Thick, soft, and loaded with white chocolate chips and rainbow sprinkles, these birthday cake cookies are topped with a smooth buttercream frosting that makes them taste just like a real birthday cake. Perfect for birthdays, parties, or any occasion worth celebrating. This recipe makes 32 cookies, so there's plenty for a crowd.
Whisk the flour, baking powder, and salt together in a medium bowl. Set aside.
Beat the softened butter in a stand mixer or with a hand mixer on medium-high speed for about one minute until smooth.
Add the granulated sugar and continue beating for another one and a half to two minutes until the mixture is light and fluffy.
Reduce the mixer speed to medium-low. Add the eggs one at a time, mixing well after each addition.
Add the vanilla extract and almond extract and mix until combined.
With the mixer still on medium-low, add the flour mixture one cup at a time, mixing just until the flour disappears.
Add the white chocolate chips and rainbow sprinkles and mix just until evenly distributed.
Cover the bowl tightly with plastic wrap and refrigerate for at least one hour.
Baking The Cookies
Preheat the oven to 350°F. Line a baking sheet with parchment paper or heavy duty aluminum foil.
Use a 1½ tablespoon cookie scoop to portion the chilled dough onto the prepared baking sheet, spacing each ball two inches apart.
Bake for 10 to 12 minutes, until the edges are just turning golden. Check at the nine minute mark.
Allow the cookies to rest on the baking sheet for a few minutes before transferring to a wire rack to cool completely.
To Make The Buttercream Frosting
Beat the softened butter on medium speed for about one minute until smooth.
Add the vanilla extract, almond extract, and salt and mix until combined.
Reduce the speed to low and add the powdered sugar half a cup at a time, mixing well after each addition.
Increase the speed to medium-high and beat until the frosting is smooth and fluffy.
Spoon or pipe the frosting onto the cooled cookies. Add sprinkles while the frosting is still wet.
Notes
Measure your flour correctly. Spoon it into your measuring cup and level it off with a straight edge. Scooping directly from the bag packs in too much flour and will affect the texture of your cookies.
Don't skip the dough chill time. One hour is the minimum. The colder the dough goes into the oven, the thicker and puffier your cookies will be.

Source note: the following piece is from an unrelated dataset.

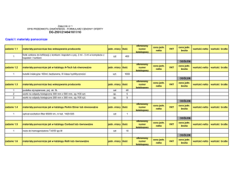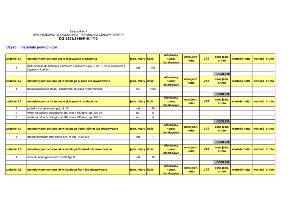 Załącznik nr 1 OPIS PRZEDMIOTU ZAMÓWIENIA - FORMULARZ CENOWY OFERTY DG-2501/21464/1611/10 Część I: materiały pomocnicze zadanie 1.1 1 materiały pomocnicze bez wskazywania producenta fiolki szklane do liofilizacji z korkiem i kapslem o poj. 2 ml - 3 ml w komplecie z kapslem i korkiem jedn. miary ilość szt oferowany numer katalogowy cena jedn. netto VAT cena jedn. brutto wartość netto wartość brutto wartość netto wartość brutto wartość netto wartość brutto wartość netto wartość brutto wartość netto wartość brutto wartość netto wartość brutto 400 OGÓŁEM: zadanie 1.2 1 materiały pomocnicze jak w katalogu A-Tech lub równowaŜne butelki iniekcyjne 100ml, bezbarwne, III klasa hydrlityczności jedn. miary ilość szt. oferowany numer katalogowy cena jedn. netto VAT cena jedn. brutto 1000 OGÓŁEM: zadanie 1.3 materiały pomocnicze bez wskazywania producenta jedn. miary ilość 1 pudełka styropianowe, poj. ok. 5L szt 40 2 worki na odpady biologiczne 300 mm x 500 mm, op./100 szt. op. 5 3 worki na odpady biologiczne 200 mm x 300 mm, op./100 szt. op. 5 oferowany numer katalogowy cena jedn. netto VAT cena jedn. brutto OGÓŁEM: zadanie 1.4 1 materiały pomocnicze jak w katalogu Perkin Elmer lub równowaŜne optical excitation filter 650/8 nm, nr kat. 1420-535 jedn. miary ilość szt oferowany numer katalogowy cena jedn. netto VAT cena jedn. brutto 1 OGÓŁEM: zadanie 1.5 1 materiały pomocnicze jak w katalogu Conbest lub równowaŜne noŜe do homogenizatora T-6/55 typ M jedn. miary ilość szt oferowany numer katalogowy cena jedn. netto VAT cena jedn. brutto 10 OGÓŁEM: zadanie 1.6 materiały pomocnicze jak w katalogu Roth lub równowaŜne jedn. miary ilość oferowany numer katalogowy cena jedn. netto VAT cena jedn. brutto 1 termometr: funkcje: odczyt temp. min i max, reset lub/ i on/off, ilość sond pomiarowych: jedna, dł. przewodu min 1,5 m, przewód sondy odporny na temp. w zakresie -40ºC - +70ºC, obudowa: wodoszczelna, wymiary ok. dł. 86 mm, szer. 57 mm, wys. 30 mm, mocowanie: magnes, zakres pomiaru: -40ºC +70ºC, dokładność: ±0,5ºC dla temp. w przedziale -20ºC - +25ºC, ±1,0ºC dla temp. w pozostałych przedziałach, wymagania metrologiczne: wzorcowanie przez lab. wzorcujące akredytowane przez PCA lub inną zagraniczną lub międzynarodową jednostkę certyfikującą, wzorcowanie w pkt pomiarowych: 1 szt. termometr: poniŜej -20ºC i w przedziale +18ºC - +25ºC, 1 szt. termometr: w przedziale +2ºC - +8ºC i w przedziale +18ºC - +25ºC, 1 szt. termometr: +58ºC ±2ºC, +37ºC ±2ºC, w przedziale +18ºC - +25ºC, w przedziale 0ºC - +5ºC, 1 szt. termometr: w przedziale +18ºC - +25ºC, w przedziale 0ºC - +5ºC, poniŜej -20ºC, nr kat. KA32.1 szt. 4 2 statyw PCR - Rotilabo, z PP, z przezroczystym wieczkiem, moŜna je ustawiać jeden na drugim, do naczyń, pasków i plytek PCR o poj. 0,2 ml, 96 miejsc, otwory na płytce 8 x 12, śr. Otworów 5,5 mm, odporne na temp. od -80ºC do +121ºC, wymiary: dł. 138 mm x szer. 98 mm x wys. 38 mm., wysokość bez wieczka 30 mm, op./5 szt., nr kat. HX25.1 op. 5 3 butelki z gwintowaną szyjką, 1000 ml, op./10 szt., nr kat. A361.1 op. 3 4 butelki z gwintowaną szyjką, 500 ml, op./10 szt., nr kat. A360.1 op. 2 5 rękawice Semper Guard CRX powder free rozm. S, nr kat. CH48.1 op. 5 6 rękawice Semper Guard CRX powder free rozm. XL, nr kat. CH51.1 op. 5 7 rękawice Semper Guard CRX powder free rozm. M, nr kat. CH49.1 op. 1 8 błona uszczelniająca do mikrotestów Rotilabo, sterylna, typ 2, samoprzylepna, z poliestru, op./100 szt., nr kat. EN77.1 op. 2 OGÓŁEM: zadanie 1.7 1 materiały pomocnicze jak w katalogu Polytron lub równowaŜne nóŜ do homogenizatora Polytron 3100, PT-DA 3020/2EC, nr kat. KI11030075 jedn. miary ilość szt oferowany numer katalogowy cena jedn. netto VAT cena jedn. brutto wartość netto wartość brutto wartość netto wartość brutto 1 OGÓŁEM: zadanie 1.8 materiały pomocnicze jak w katalogu Merck lub równowaŜne jedn. miary ilość 1 filtry membranowe zapasowe 0,2 um, nr kat. 612F1963 szt 4 2 Paski wskaźnikowe pH 5-10, niefarbujące Neutralit, nr kat. 109 533 op. 10 oferowany numer katalogowy cena jedn. netto VAT cena jedn. brutto OGÓŁEM: zadanie 1.9 materiały pomocnicze jak w katalogu Bionovo lub równowaŜne jedn. miary ilość 1 pH-metr stołowy Hanna Instruments, model pH 213 wraz z elektrodą pH HI 1131B, czujnikiem temperatury, uchwytem elektrody, roztworami buforowymi (pH=7 i 4, obj. 20 ml), roztworem elektrolitu oraz zasilaczem 12V, parametry urządzenia: zakres pomiaru pH: 0-14, zakres pomiaru mV: ±999,9 (ORP), ±999,9 (ISE), zakres pomiaru temperatury (ºC): 0 do 100, rozdzielczość pomiaru pH: 0,001, rozdzielczość pomiaru mV: 0,1 (ORP), 0,1 (ISE), rozdzielczość pomiaru temperatury (ºC): 0,1, dokładność pomiaru pH: ±0,002, dokładność pomiaru mV: ±0,05 P.E (ORP i ISE), dokładność pomiaru temperatury (ºC): ±0,5, wymiary (mm): 240 x 182 x 74, waga (g): 1100, nr kat. B-2752 szt 1 2 gięta szczotka do okrągłych naczyń, nr kat. 1-7036 szt 8 3 długa szczotka, nr kat. 1-7037 szt 3 4 szczotka do probówek 15 mm, nr kat. B-1559 szt 15 5 szczotka do probówek 10 mm, nr kat. B-1558 szt 10 6 rękawiczki nitrylowe długie rozm. S, op./50 szt., nr kat. 1-8200 op. 1 7 rękawiczki nitrylowe długie rozm. M, op./50 szt., nr kat. 1-8201 op. 1 8 kriopudełko neoBox-81, nr kat. 2-2910 szt 50 9 kriopudełko neoBox-81, nr kat. 2-2914 szt 30 oferowany numer katalogowy cena jedn. netto VAT cena jedn. brutto wartość netto wartość brutto wartość netto wartość brutto wartość netto wartość brutto OGÓŁEM: zadanie 1.10 1 materiały pomocnicze jak w katalogu Labo-Baza lub równowaŜne wytrząsarka IKA model MS 3 Basic, parametry urządzenia: funkcja wytrząsania próbek, małych naczyń i mikropłytek z moŜliwością dokupienia nasadek, wkładki do wytrząsania: uniwersalna wkładka do wytrząsania IKA MS1.21, wkładka do wytrząsania pojedynczych prob

Pull them out of the oven before they're fully set. The centers will look soft and underdone when you take them out. That's exactly right. They'll continue to set on the hot baking sheet after you remove them from the oven.
Use jimmies, not nonpareils. Classic jimmy-style sprinkles hold their shape and color during mixing and baking. The small round nonpareils tend to bleed into the dough.
Cool completely before frosting. Even slightly warm cookies will melt the buttercream.